> **SOURCE DATA**
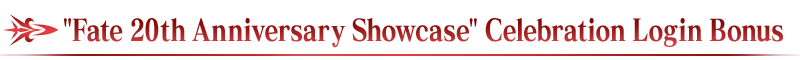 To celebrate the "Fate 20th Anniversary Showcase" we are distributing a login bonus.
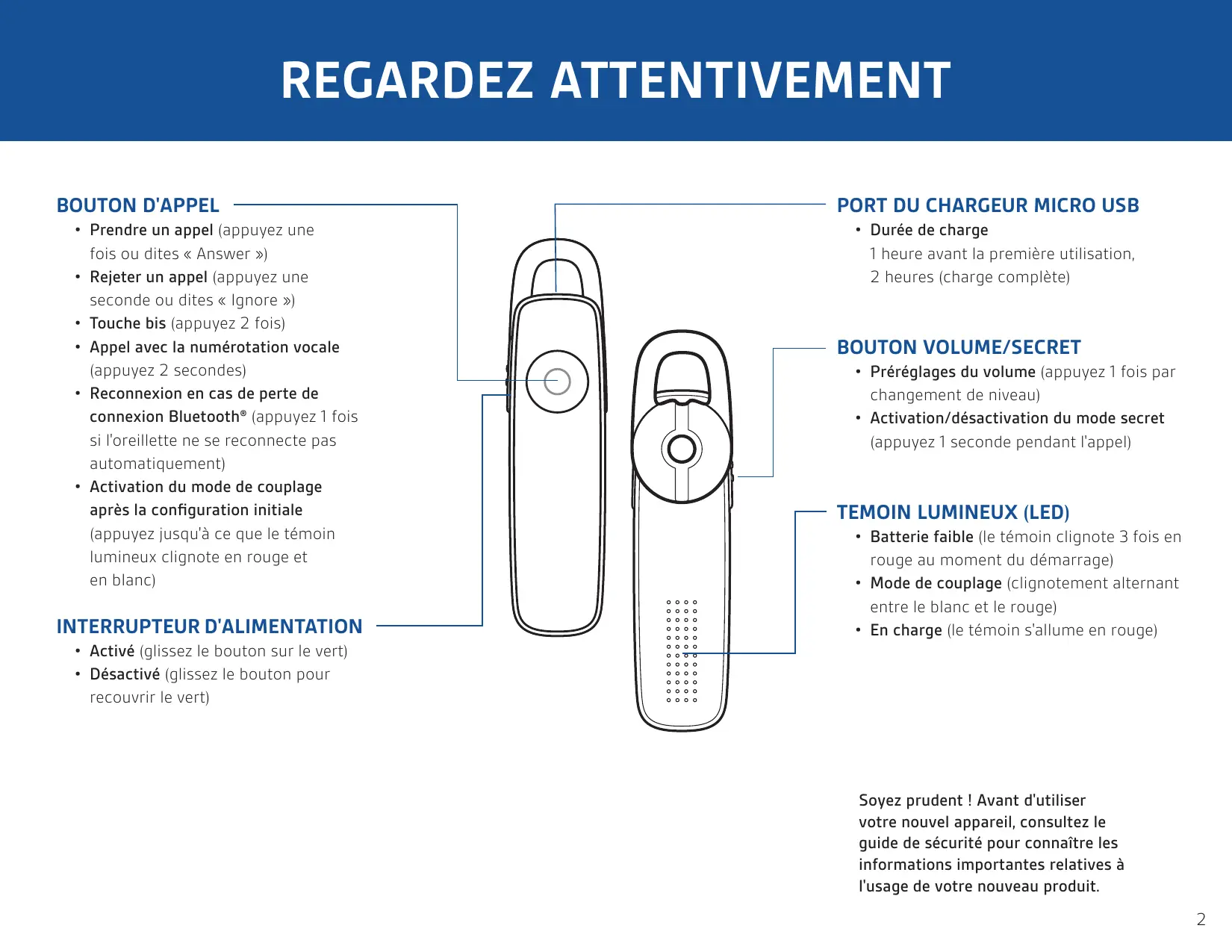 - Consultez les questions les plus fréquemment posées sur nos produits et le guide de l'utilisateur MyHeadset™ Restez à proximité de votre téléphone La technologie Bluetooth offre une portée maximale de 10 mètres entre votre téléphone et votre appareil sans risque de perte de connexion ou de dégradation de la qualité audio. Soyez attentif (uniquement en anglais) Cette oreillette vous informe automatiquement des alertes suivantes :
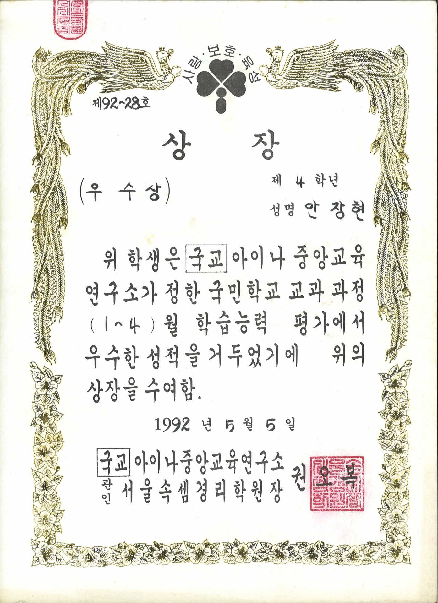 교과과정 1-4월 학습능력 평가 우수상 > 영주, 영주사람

> **ASSIGNMENT**
Without including any picture, output all the material exactly as it appears.

> **RESPONSE TO THIS EXERCISE**
 To celebrate the "Fate 20th Anniversary Showcase" we are distributing a login bonus.
 - Consultez les questions les plus fréquemment posées sur nos produits et le guide de l'utilisateur MyHeadset™ Restez à proximité de votre téléphone La technologie Bluetooth offre une portée maximale de 10 mètres entre votre téléphone et votre appareil sans risque de perte de connexion ou de dégradation de la qualité audio. Soyez attentif (uniquement en anglais) Cette oreillette vous informe automatiquement des alertes suivantes :
 교과과정 1-4월 학습능력 평가 우수상 > 영주, 영주사람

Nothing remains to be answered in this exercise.